If you approach image processing purely from a mathematical (or algorithmic) viewpoint, what you are trying to achieve is some sort of utopia of aesthetics. But this is almost impossible, largely because every photography is unique.  It is possible to improve the acuity of objects in an image using techniques such as unsharp masking, but it is impossible to resurrect a blurred image – but maybe that’s the point. One could create an fantastic filter that sharpens an image beautifully, but with the sharpness of modern lenses, that may not be practical. Consider this example of a photograph taken in Montreal. The image has good definition of colour, and has a histogram which is fairly uniform. There isn’t a lot that can be done to this image, because it truly does represent the scene as it exists in real life. If I had taken this photo on my iPhone, I would be tempted to post it on Instagram, and add a filter… which might make it more interesting, but maybe only from the perspective of boosting colour.

aestheticAppeal1

A corner hamburger joint in Montreal – original image.

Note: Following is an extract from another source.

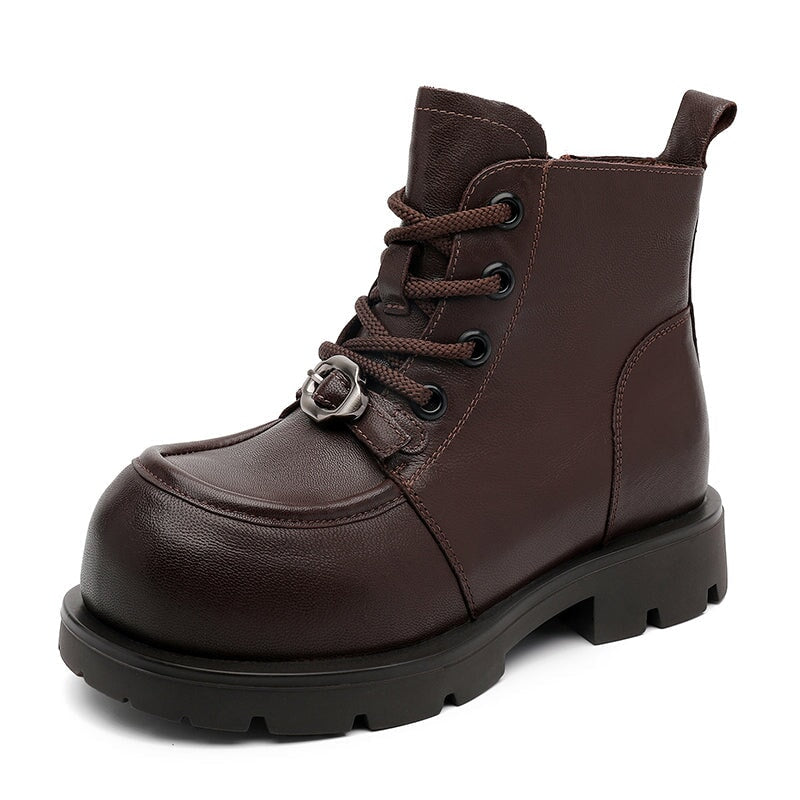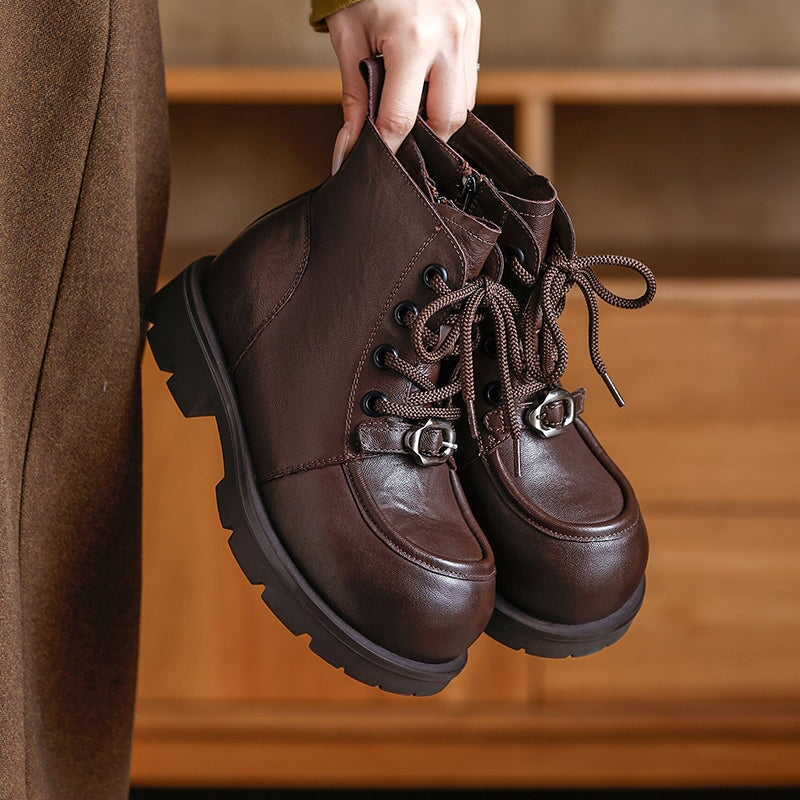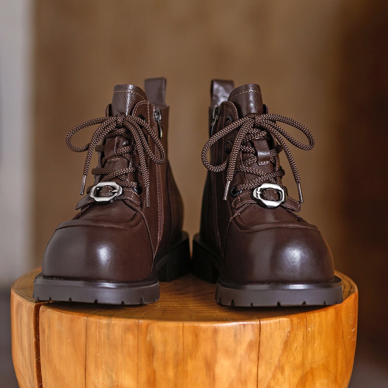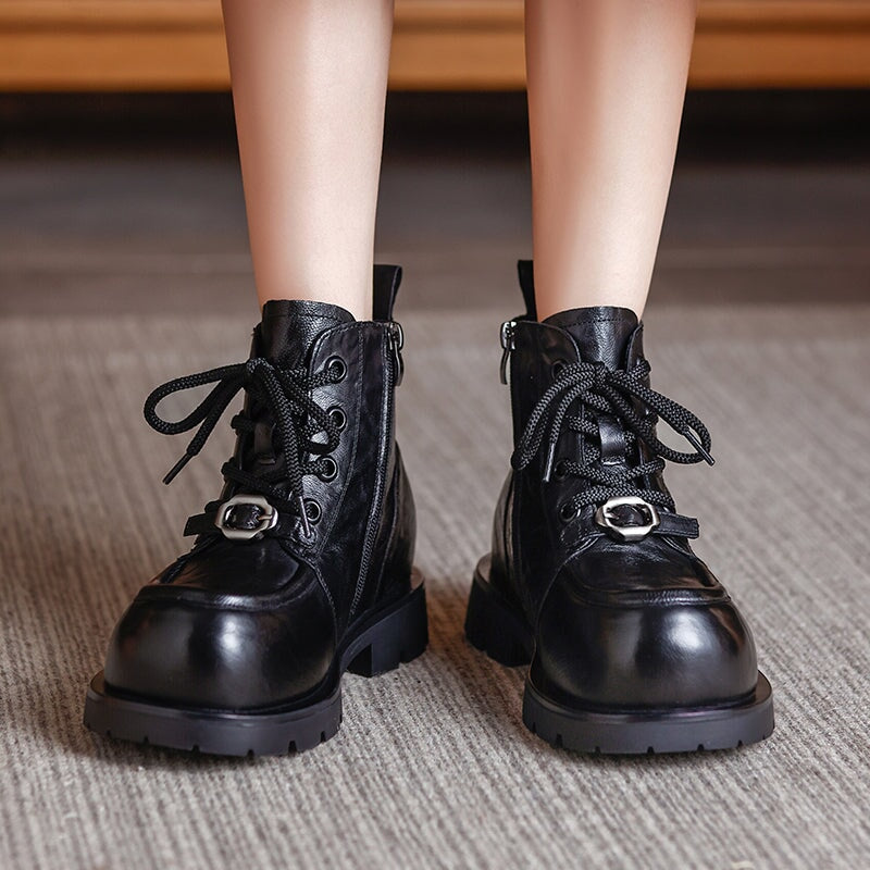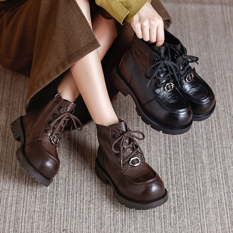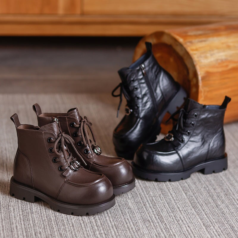 Wide Fit Cowhide Leather Ankle Boots for Women Lace-Up Side Zip Martin Short Boots in Black/Brown

Here is the same image with only the colour saturation boosted (by ×1.6). Have its visual aesthetics been improved? Probably. Our visual system would say it is improved, but that is largely because our eyes are tailored to interpret colour.

aestheticAppeal2

A corner hamburger joint in Montreal – enhanced image.

If you take a step back from the abyss of algorithmically driven aesthetics, you begin to realize that too few individuals in the image processing community have taken the time to really understand the qualities of an image. Each photograph is unique, and so the idea of generic image processing techniques is highly flawed. Generic techniques work sufficiently well in machine vision applications where the lighting is uniform, and the task is also uniform, e.g. inspection of rice grains, or identification of burnt potato chips. No aesthetics are needed, just the ability to isolate an object and analyze it for whatever quality is needed. It’s one of the reasons unsharp masking has always been popular. Alternative algorithms for image sharpening really don’t work much better. And modern lenses are sharp, in fact many people would be more likely to add blur than take it away.